Line Through Points

Category

Arrays

Difficulty

Very Hard

Problem Statement

Given a set of 2D points, find the maximum number of points that lie on the same straight line. The points are given as an array of (x, y) coordinate pairs.

Intuition

For each point, we can compute the slope it forms with every other point. Points that share the same slope relative to a fixed reference point are collinear with it. By grouping slopes and finding the largest group, we find the maximum collinear count through that reference point. Repeating this for every point as the reference gives the global answer. The critical subtlety is representing slopes in a way that avoids floating-point errors — using reduced fractions (rise/run in lowest terms) instead of decimal division.

Approach

1. For each point p in the array, treat it as the "anchor" and compute the slope to every other point q.
2. Represent the slope as a pair (dy, dx) reduced to lowest terms using the GCD. Normalize sign so that dx is always non-negative (and if dx == 0, ensure dy is positive). This avoids hash collisions between equivalent slopes.
3. Use a hash map to count how many points share each slope relative to the anchor.
4. Track duplicate points (same coordinates as the anchor) separately, since they are collinear with any line through the anchor.
5. The best count through this anchor is maxSlopeCount + duplicates.
6. The global answer is the maximum across all anchors.

Pseudocode

function lineThroughPoints(points):
    if len(points) <= 2:
        return len(points)

    maxPoints = 1

    for i from 0 to len(points) - 1:
        slopeMap = {}
        duplicates = 1  # count self

        for j from 0 to len(points) - 1:
            if i == j:
                continue
            dx = points[j].x - points[i].x
            dy = points[j].y - points[i].y

            if dx == 0 and dy == 0:
                duplicates += 1
                continue

            g = gcd(abs(dy), abs(dx))
            dy /= g
            dx /= g

            # Normalize sign
            if dx < 0:
                dx = -dx
                dy = -dy
            elif dx == 0:
                dy = abs(dy)

            slope = (dy, dx)
            slopeMap[slope] = slopeMap.get(slope, 0) + 1

        localMax = duplicates
        for count in slopeMap.values():
            localMax = max(localMax, count + duplicates)
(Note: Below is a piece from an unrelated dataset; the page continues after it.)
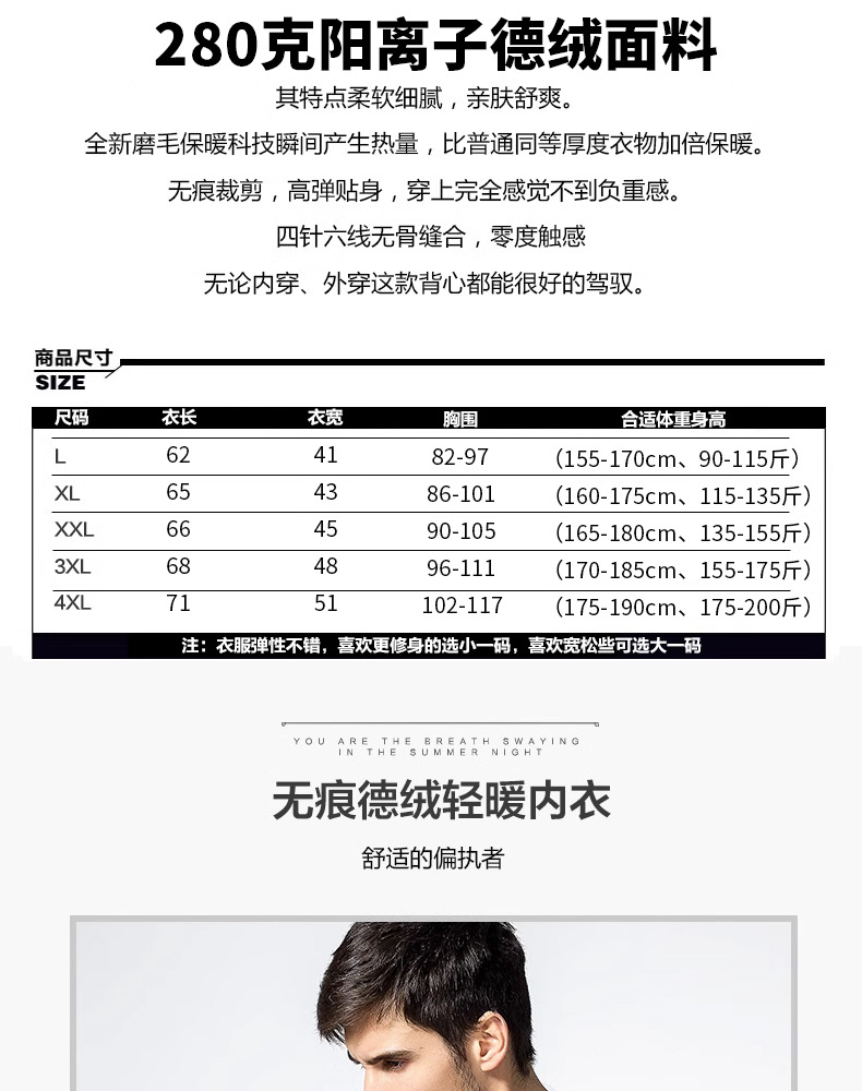 280g 가을 겨울 독일 벨벳 따뜻한 조끼 남성용 플러스 벨벳 양이온 속옷 양면 기모 바닥 셔츠 공장 타이트스토어 가기

        maxPoints = max(maxPoints, localMax)

    return maxPoints

Time & Space Complexity

• Time: O(n^2) where n is the number of points. For each of the n points, we iterate over all other n-1 points. GCD computation is O(log(max_coordinate)) per pair, which is negligible.
• Space: O(n) for the slope hash map, which is rebuilt for each anchor point.

Key Insights

• Representing slopes as reduced integer fractions avoids floating-point precision issues entirely. This is essential for correctness.
• Sign normalization ensures that slopes like (1, -2) and (-1, 2) are treated as the same slope.
• Vertical lines (dx = 0) and horizontal lines (dy = 0) are handled naturally by the fraction representation.
• Duplicate points must be counted separately since they have an undefined slope but lie on every line through that location.
• The O(n^2) approach is optimal because in the worst case, verifying that more than 2 points are collinear requires examining all pairs.

Edge Cases

• Single point: return 1.
• Two points: always collinear, return 2.
• All points are the same: all duplicates, return n.
• All points are collinear: the answer is n.
• Large coordinates: ensure GCD and fraction operations do not overflow (use long integers if necessary).
• Points forming a grid: many distinct slopes exist, but the answer might still be a full row or column.